Broken code is happening here.

--
Richard Heathfield <http://www.cpax.org.uk>
Email: -www. +rjh@
Google users: <http://www.cpax.org.uk/prg/writings/googly.php>
"Usenet is a strange place" - dmr 29 July 1999
Aug 27 '07 #3

"Name and address withheld" <do**@spam.mewrote in message
news:sl********************@nospam.invalid...
>I am trying to understand how ustr (http://www.and.org/ustr/design)
works. Its a string-handling library for C, and it stores strings in the
following struct, called a "magic struct"

struct Ustr
{
unsigned char data[1];
/* 0b_wxzy_nnoo =>
*
* w = allocated
* x = has size
* y = round up allocations (off == exact
* allocations)
* z = memory error
* nn = refn
* oo = lenn
*
* 0b_0000_0000 = "", const, no alloc fail, no mem
* err, refn=0, lenn=0 */
};

It seems to me that a struct Ustr will only occupy 1-byte of memory, so
how can it contain even a simple pointer to char??? What's happening
here?
struct Ustr x;

x.data is effectively a pointer to a single char. the sturct doesn't need to
contain the address, the compiler can work out the address of the data array
from the address of the struct. Since there is only one item, it must in
fact be the same as the address of the struct.
We can now play silly games with the implementation to get more than one
character in the string. For instance if the struct sits at the top of an
uninitialised block of memory the last member, if it is an array, can be
extended. This is an unwarranted chumminess with the implementation, and
isn't to be recomended in your own code, but for something as fundamental as
a string library there is maybe a case for it. Just maybe.

--
Free games and programming goodies.
http://www.personal.leeds.ac.uk/~bgy1mm

Aug 27 '07 #4
Malcolm McLean said:
>
"Name and address withheld" <do**@spam.mewrote in message
news:sl********************@nospam.invalid...
<snip>
>>
struct Ustr
{
unsigned char data[1];
<snip>
>};

It seems to me that a struct Ustr will only occupy 1-byte of memory,
so how can it contain even a simple pointer to char??? What's
happening here?
struct Ustr x;

x.data is effectively a pointer to a single char.
No, it isn't. It's an array of a single char.

--
Richard Heathfield <http://www.cpax.org.uk>
Email: -www. +rjh@
Google users: <http://www.cpax.org.uk/prg/writings/googly.php>
"Usenet is a strange place" - dmr 29 July 1999
Aug 27 '07 #5

"Richard Heathfield" <rj*@see.sig.invalidwrote in message
news:g6******************************@bt.com...
Malcolm McLean said:
>>
x.data is effectively a pointer to a single char.

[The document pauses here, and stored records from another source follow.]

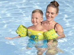 Wesołe kolory i uśmiechnięty żółw zwiększają widoczność w wodzie i motywują dzieci do bezpiecznej nauki pływania oraz codziennej zabawy w wodzie.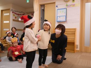 最後には一人ずつ自分の名前を発表し、サンタさんから拍手をもらっていました。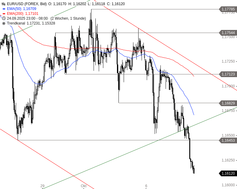 Der Bruch des Aufwärtstrends seit Februar 2025 ist besorgniserregend, besonders da er gleichzeitig mit dem Unterschreiten der 1,1645 USD-Unterstützung geschah. Könnte dies ein Zeichen für eine stärkere Abwärtsbewegung sein, als bisher angenommen?

No, it isn't. It's an array of a single char.
effectively.That means it isn't, but can be thought of as if it is for some
purposes.

--
Free games and programming goodies.
http://www.personal.leeds.ac.uk/~bgy1mm

Aug 27 '07 #6
Richard Heathfield <rj*@see.sig.invalidwrites:
Malcolm McLean said:
>"Name and address withheld" <do**@spam.mewrote in message
news:sl********************@nospam.invalid...
<snip>
>>>
struct Ustr
{
unsigned char data[1];
<snip>
>>};

It seems to me that a struct Ustr will only occupy 1-byte of memory,
so how can it contain even a simple pointer to char??? What's
happening here?
struct Ustr x;

x.data is effectively a pointer to a single char.

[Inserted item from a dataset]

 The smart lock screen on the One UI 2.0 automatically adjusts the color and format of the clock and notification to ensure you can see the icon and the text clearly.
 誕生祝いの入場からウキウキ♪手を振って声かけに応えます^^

No, it isn't. It's an array of a single char.
Well, yes and no.

x.data as an object is a member of the structure x, which is of type
struct Ustr. x.data is of type unsigned char[1], which is of course a
one-byte array.

But x.data as an expression, unless it appears as the operand of a
unary 'sizeof' or '&' operator, is implicitly converted to a value of
type 'unsigned char*', pointing to the first element of the array. If
you're willing to be unwarrantedly chummy with the implementation, you
can use this pointer to access memory beyond the bounds of the array
itself, taking advantage of the fact that most implementations don't
do the bounds checking that they're permitted to do (and that a
compiler writer would almost certainly be unwilling to break the
"struct hack").

Malcom, IMHO, should have been much clearer on this point.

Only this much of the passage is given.